Un settore in pieno degrado, quello dei siti culturali di Sicilia: mancano i fondi per cambiare una lampada a led necessaria illuminare bene il Satiro di Mazara del Vallo o per cambiare le telecamere guaste del museo Paolo Orsi di Siracusa, con il rischio di non poter bloccare l`ingresso di ladri. A Enna sarà impossibile invece accendere il riscaldamento nel museo archeologico che nella sua collezione vanta reperti di età ellenistica e romana di inestimabile valore, come la Pisside del sesto secolo avanti Cristo. Una situazione di abbandono come non si registrava da anni nei musei a perdere gestiti dall`assessorato ai Beni culturali. Case d`arte che ospitano capolavori indiscussi abbandonati a se stessi, per nulla valorizzati. Messi lì a prendere polvere, sperando che qualche visitatore o turisti entri incuriosito ad ammirarli: apprezzandone solo la bellezza, perché non avrà altre informazioni a sua disposizione, né un`audioguida né un volume sulla loro storia.

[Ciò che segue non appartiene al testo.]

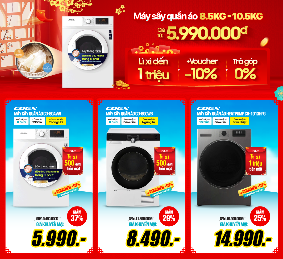 Máy sấy THÔNG MINH AI Heat Pump inverter 10.5 KG COEX - COEX CD-10HPBDS
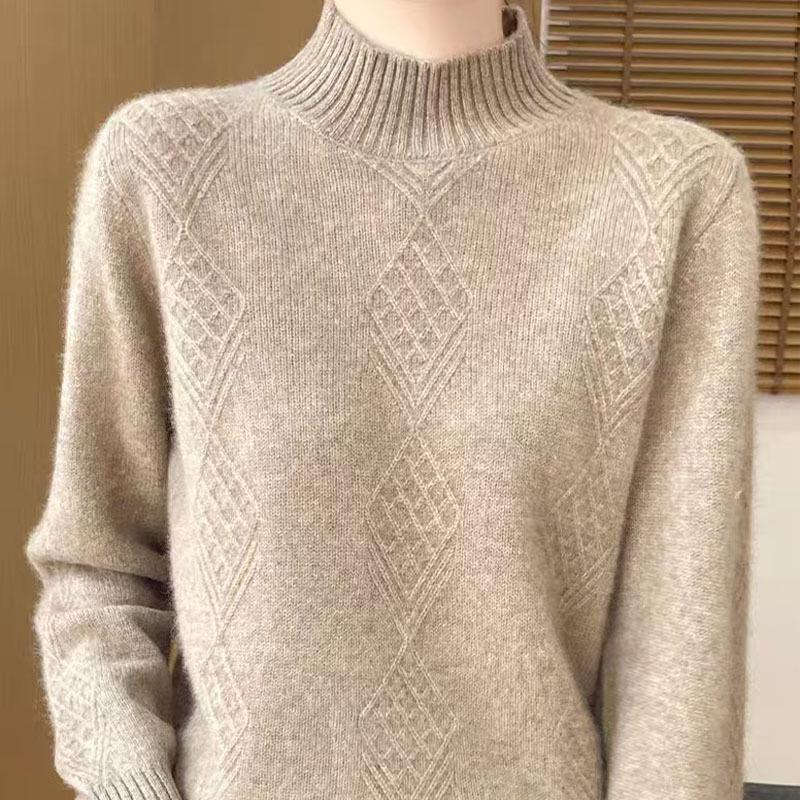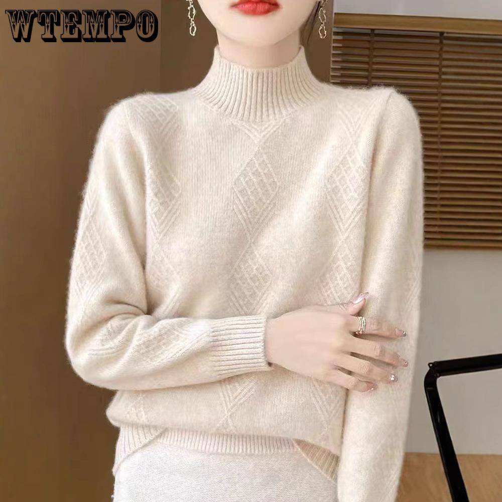 Жаккардовый вязаный свитер с полувысоким воротником, женский осенне-зимний однотонный вязаный свитер с длинными рукавами, свободный толстый пуловер

La situazione peggiora di giorno in giorno. Da Siracusa a Palermo si susseguono le segnalazioni di malfunzionamenti e problemi, al di là del nodo delle aperture domenicali che saltano per la mancanza di custodi. All`Abatellis di Palermo i telefoni non funzionano più. Impossibile chiamare dal palazzo, c`è solo una linea collegata con la questura per il sistema antifurto. A Enna, nel museo archeologico, avevano staccato tutte le linee e solo grazie a un privato che ha regalato una scheda telefonica è stato possibile ripristinare il collegamento dell`allarme con la centrale di polizia. "Ma per il resto non abbiamo riscaldamenti e non possiamo fare alcuna chiamata", dicono dal museo ennese.

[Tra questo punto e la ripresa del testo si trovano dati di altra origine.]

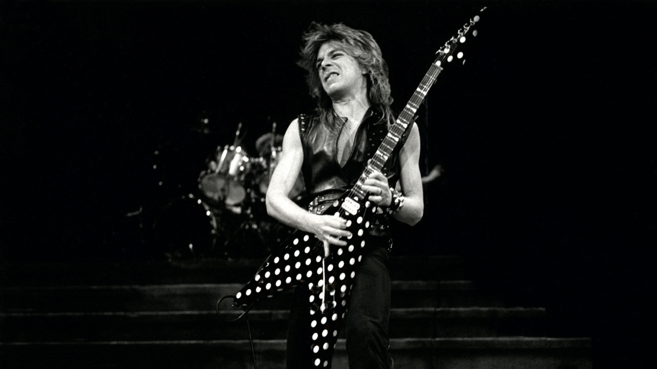Description: A man with a guitar on stage with a polka dot tie around his neck and a microphone in his hand.

Al Paolo Orsi di Siracusa, un sito di grande valore nel quale sono esposti ventimila reperti, dalla Venere Landolina alla statua in calcare della dea madre Kourotrophos, i sindacati hanno scritto nei giorni scorsi una nota di fuoco per segnalare alcune "anomalie". "Il sistema di allarme funziona in maniera ridotta - scrivono Cobas-Codir e Sadirs - perché non appena acceso va in tilt e si è costretti a disattivarlo per i continui allarmi. La telecamera posizionata nel cancello d`ingresso non funziona da tempo. Molte altre telecamere nel museo sono guaste".

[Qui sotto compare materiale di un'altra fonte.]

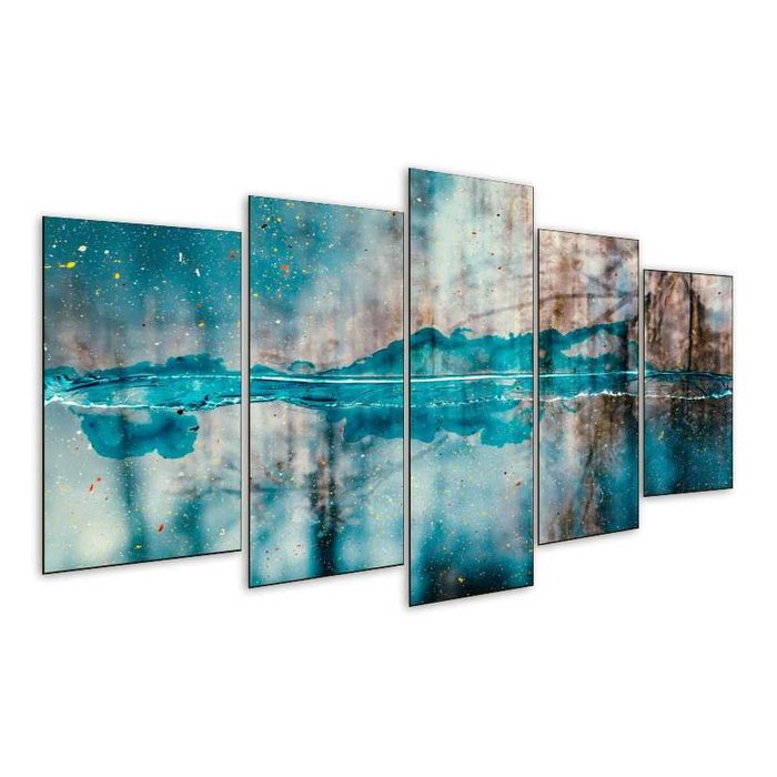 Quadro 5 Peças Oceano Mar Estilo Pintura Paisagem Mosaico

Musei sporchi, senza telefono, senza controlli. Due settimane fa su YouTube è finito un video girato da alcuni custodi nel chiostro del museo Pepoli di Trapani, dove c`era di tutto: cartacce, uccelli morti, escrementi di animali. Dopo la divulgazione del video, il sito è stato pulito. Ma fra poco tempo rischia di tornare come prima. La causa della situazione di degrado dei musei di Sicilia è soprattutto una: la mancanza di fondi. Nell`ultima Finanziaria il governo Crocetta ha preferito stanziare un milione di euro per iniziative direttamente promosse dall`assessore di turno, mentre è stato azzerato il capitolo per il funzionamento dei siti. Così, per esempio, al Museo del Satiro di Mazara non hanno i fondi per chiamare un elettricista e montare una lampada a led da mettere all`interno della statua in bronzo per migliorarne la visione.
Il governatore Crocetta in due anni e mezzo ha cambiato quattro assessori, e nessuno ha avuto il tempo di lavorare davvero. Nessuno, quindi, ha risolto il problema dei servizi aggiuntivi. La prima cosa che ha fatto il presidente della Regione, appena insediatosi a Palazzo d`Orleans, è stata bloccare la gara che aveva portato avanti l`allora assessore Sebastiano Missineo. È iniziata una guerra di ricorsi al Tar che è approdata perfino alla Corte costituzionale.
In attesa che la Consulta si pronunci, da due anni e mezzo nei musei e nelle aree archeologiche di Sicilia mancano perfino le brochure, per non parlare di guide, cartoline o volumi sulle opere esposte. Nella gara sui servizi aggiuntivi era previsto anche che i privati investissero per migliorare la fruizione dei musei e avviassero iniziative di marketing per attrarre visitatori. Invece oggi i musei dell`Isola rimangono polverosi e abbandonati a se stessi. Un patrimonio immenso, mai valorizzato. Una Ferrari trasformata in un grande carrozzone.